** Opening Records provided block **

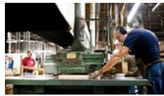
Born in a U.S.A.-Made Crib
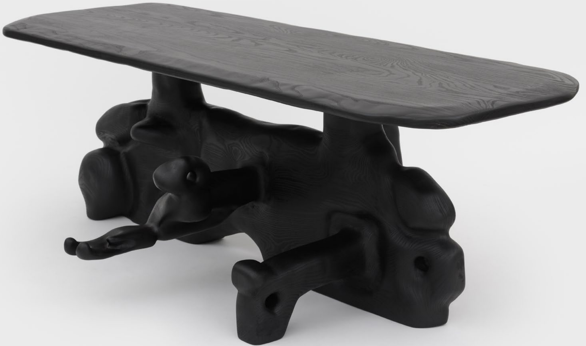
Reach Out Low Table , 2022 | Ebonized ash | 23 x 66 x 36 in, 58.4 x 167.6 x 91.4 cm | (CMC22.012)
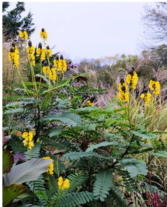
Here's my Popcorn Senna, 6' tall by August. They are in Group 6, the butterfly hosts, because Sulphur Butterflies caterpillars eat the leaves. We butterfly gardeners want to see nibbled holes on our plants!
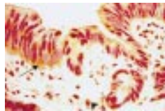
See p 316

NEW ONLINE SUBMISSION GO TO WEBSITE TO SUBMIT YOUR MANUSCRIPT
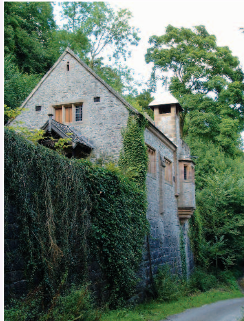
St John's Chapel

** Closing Records provided block **

Problem description: Your task is to repeat the data above exactly while excluding the pictures.

Answer below:
Born in a U.S.A.-Made Crib
Reach Out Low Table , 2022 | Ebonized ash | 23 x 66 x 36 in, 58.4 x 167.6 x 91.4 cm | (CMC22.012)
Here's my Popcorn Senna, 6' tall by August. They are in Group 6, the butterfly hosts, because Sulphur Butterflies caterpillars eat the leaves. We butterfly gardeners want to see nibbled holes on our plants!
See p 316

NEW ONLINE SUBMISSION GO TO WEBSITE TO SUBMIT YOUR MANUSCRIPT
St John's Chapel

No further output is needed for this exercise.